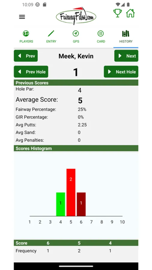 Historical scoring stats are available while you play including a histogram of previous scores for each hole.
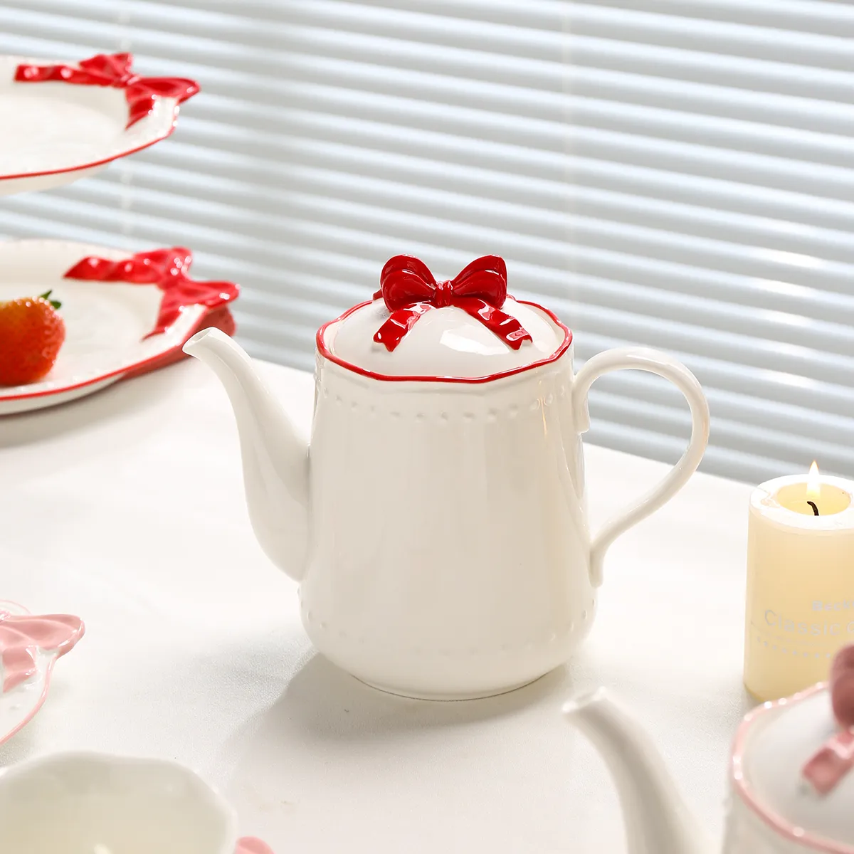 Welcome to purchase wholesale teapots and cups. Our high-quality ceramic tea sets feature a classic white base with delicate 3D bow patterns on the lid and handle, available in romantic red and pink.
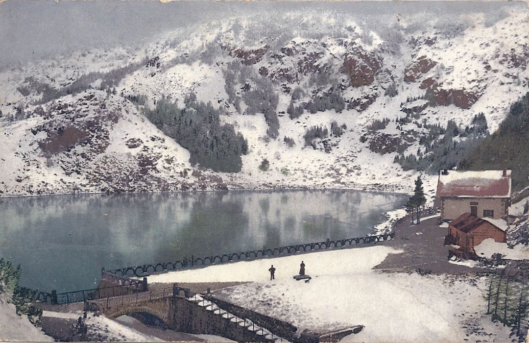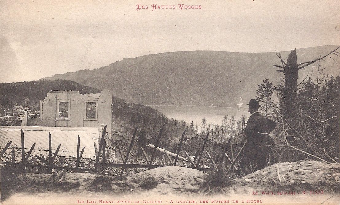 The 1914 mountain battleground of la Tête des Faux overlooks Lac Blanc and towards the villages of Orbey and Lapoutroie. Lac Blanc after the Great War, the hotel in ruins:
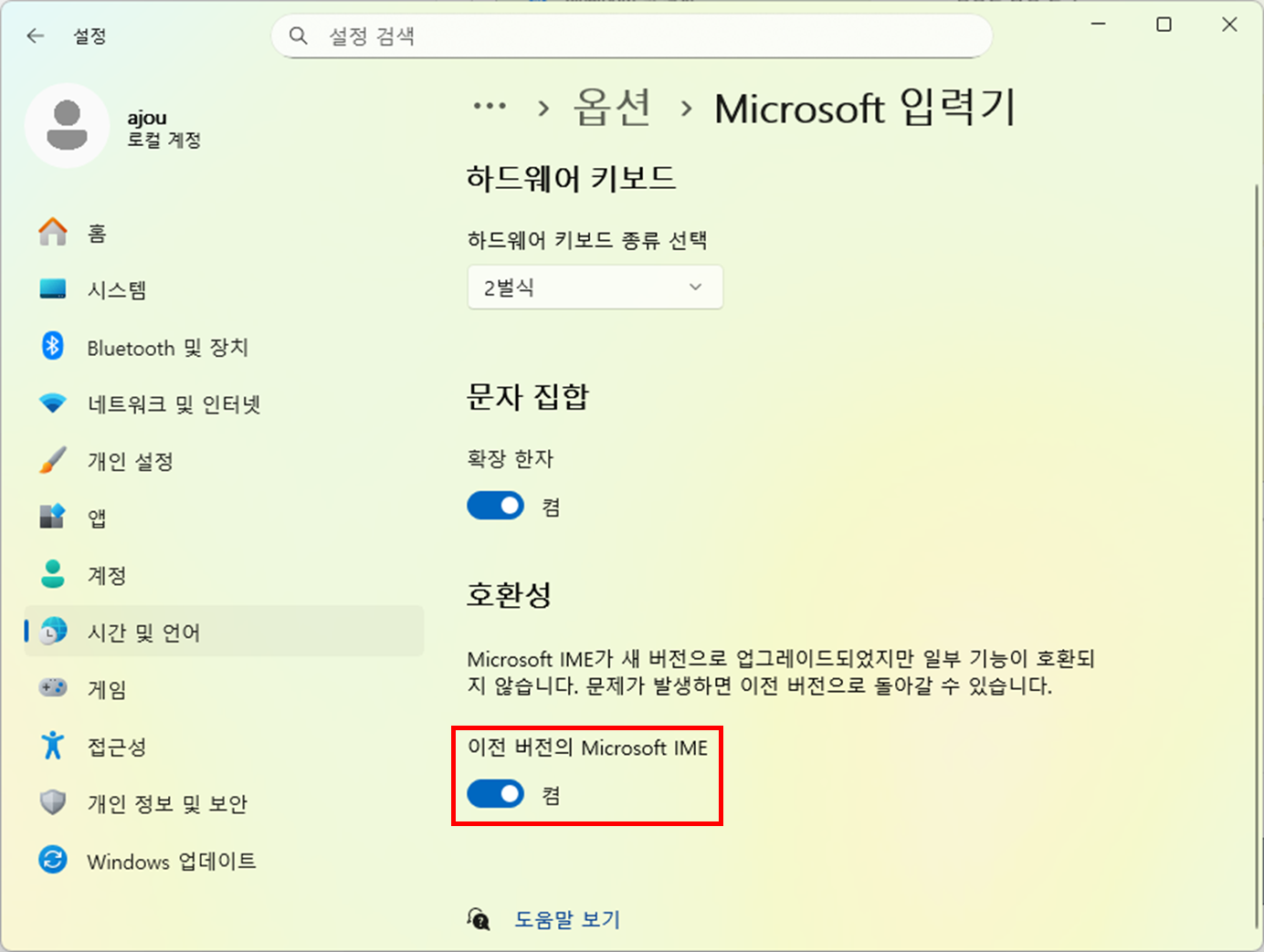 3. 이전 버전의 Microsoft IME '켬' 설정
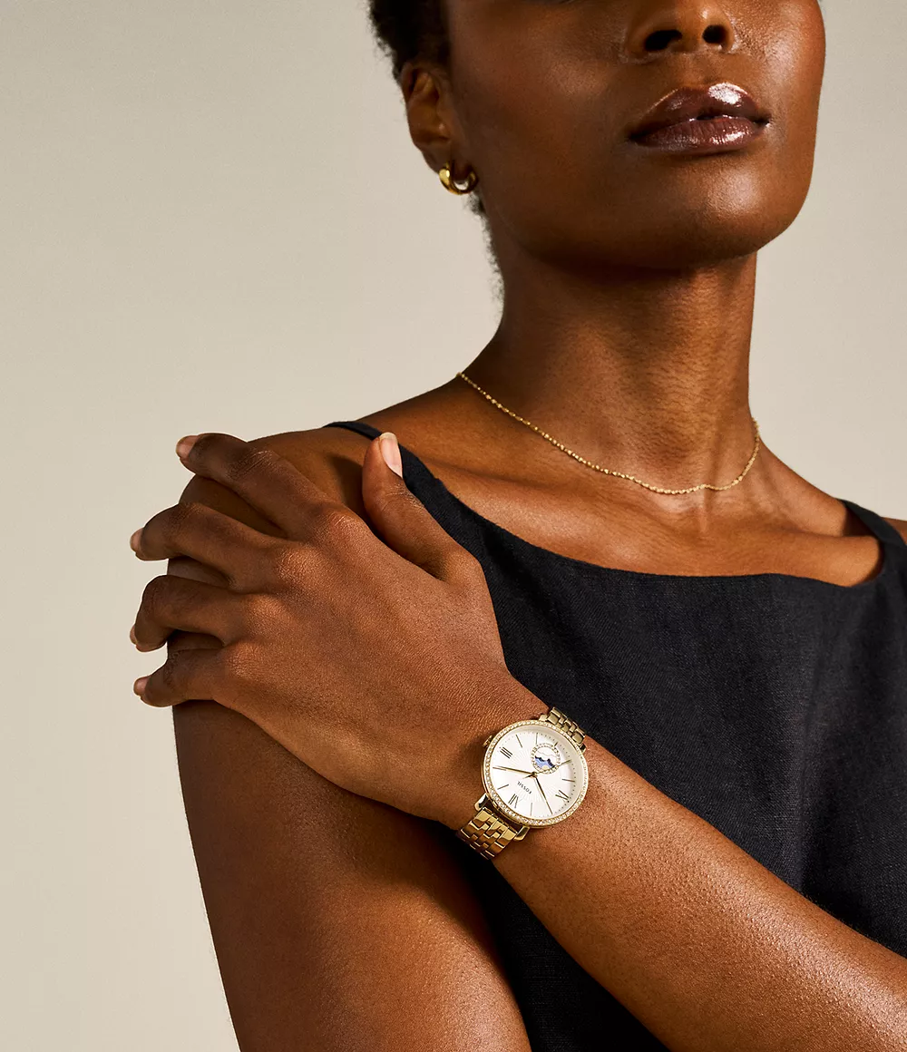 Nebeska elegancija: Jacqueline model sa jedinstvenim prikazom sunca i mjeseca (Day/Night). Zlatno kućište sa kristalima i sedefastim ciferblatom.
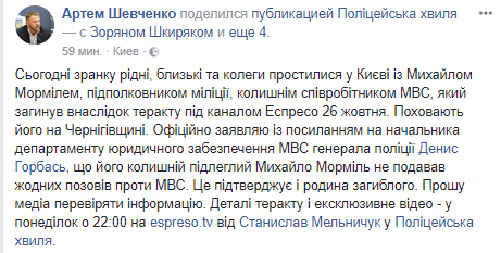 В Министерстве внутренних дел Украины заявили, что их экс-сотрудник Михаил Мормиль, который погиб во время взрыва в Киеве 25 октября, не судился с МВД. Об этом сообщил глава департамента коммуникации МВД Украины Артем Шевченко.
□ □ □ □
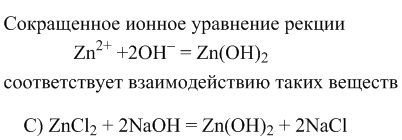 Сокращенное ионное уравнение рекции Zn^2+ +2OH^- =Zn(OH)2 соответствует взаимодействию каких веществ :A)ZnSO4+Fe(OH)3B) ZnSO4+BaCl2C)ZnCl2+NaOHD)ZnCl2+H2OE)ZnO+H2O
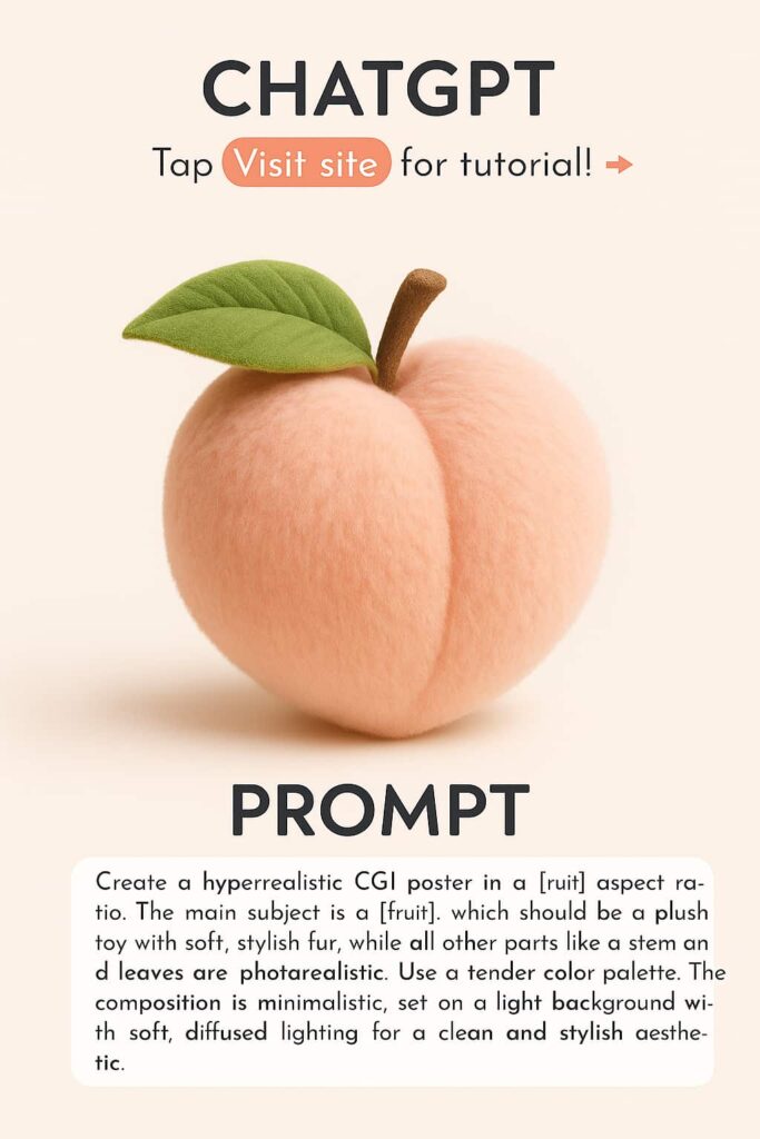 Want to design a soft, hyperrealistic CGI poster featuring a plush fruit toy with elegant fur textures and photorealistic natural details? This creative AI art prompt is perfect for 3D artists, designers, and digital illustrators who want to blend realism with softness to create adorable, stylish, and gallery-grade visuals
□ □ □ □
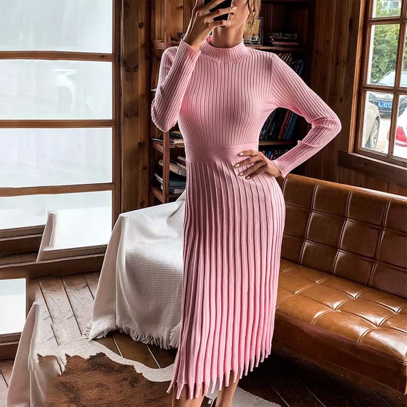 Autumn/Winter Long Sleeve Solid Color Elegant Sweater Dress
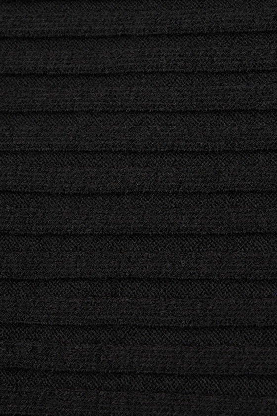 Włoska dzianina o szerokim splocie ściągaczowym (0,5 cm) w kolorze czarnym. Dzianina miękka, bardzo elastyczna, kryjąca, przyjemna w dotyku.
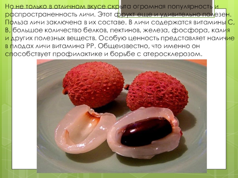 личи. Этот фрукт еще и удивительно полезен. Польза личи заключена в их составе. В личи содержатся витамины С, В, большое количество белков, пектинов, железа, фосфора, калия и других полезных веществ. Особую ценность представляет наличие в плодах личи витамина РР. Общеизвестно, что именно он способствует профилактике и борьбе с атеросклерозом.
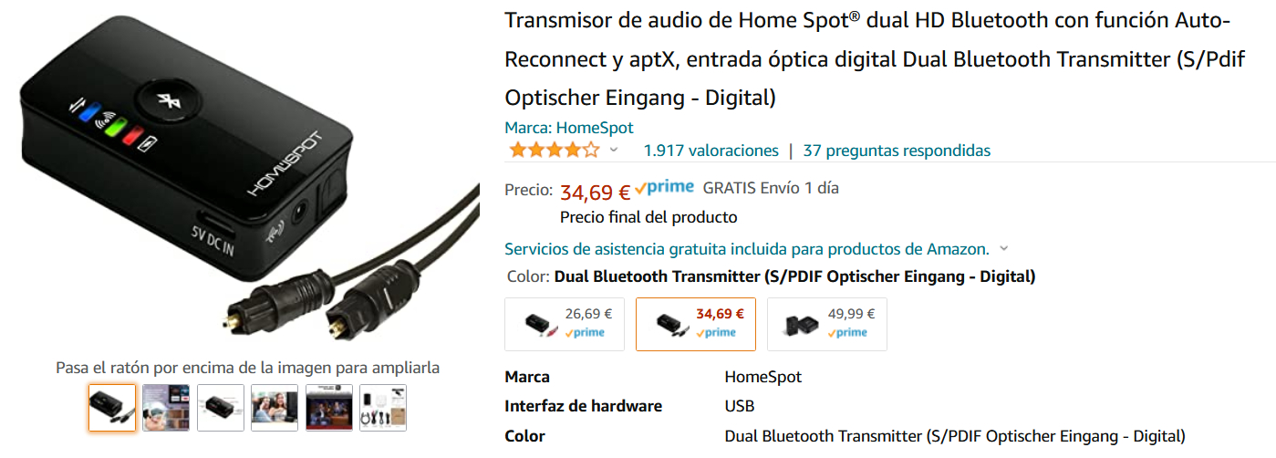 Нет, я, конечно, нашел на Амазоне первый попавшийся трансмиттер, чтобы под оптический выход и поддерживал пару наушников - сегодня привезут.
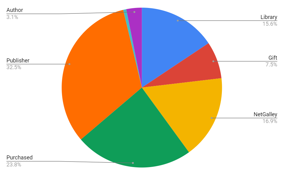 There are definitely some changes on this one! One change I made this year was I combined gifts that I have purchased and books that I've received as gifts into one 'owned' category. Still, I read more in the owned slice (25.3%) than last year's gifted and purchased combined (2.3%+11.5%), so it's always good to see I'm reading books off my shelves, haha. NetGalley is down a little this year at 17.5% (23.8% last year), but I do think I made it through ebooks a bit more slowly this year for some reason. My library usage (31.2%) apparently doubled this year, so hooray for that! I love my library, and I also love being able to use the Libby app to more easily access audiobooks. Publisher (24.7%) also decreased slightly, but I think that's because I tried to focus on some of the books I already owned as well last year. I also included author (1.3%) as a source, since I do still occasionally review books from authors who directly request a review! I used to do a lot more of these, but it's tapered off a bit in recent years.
□ □ □ □
> **WHAT IS BEING ASKED**:
Among the entries above, take the line with "Historical scoring stats", the line with "Nebeska elegancija: Jacqueline", and all the lines between them, and restate them word for word without pictures.

> **THE ANSWER**:
 Historical scoring stats are available while you play including a histogram of previous scores for each hole.
 Welcome to purchase wholesale teapots and cups. Our high-quality ceramic tea sets feature a classic white base with delicate 3D bow patterns on the lid and handle, available in romantic red and pink.
 The 1914 mountain battleground of la Tête des Faux overlooks Lac Blanc and towards the villages of Orbey and Lapoutroie. Lac Blanc after the Great War, the hotel in ruins:
 3. 이전 버전의 Microsoft IME '켬' 설정
 Nebeska elegancija: Jacqueline model sa jedinstvenim prikazom sunca i mjeseca (Day/Night). Zlatno kućište sa kristalima i sedefastim ciferblatom.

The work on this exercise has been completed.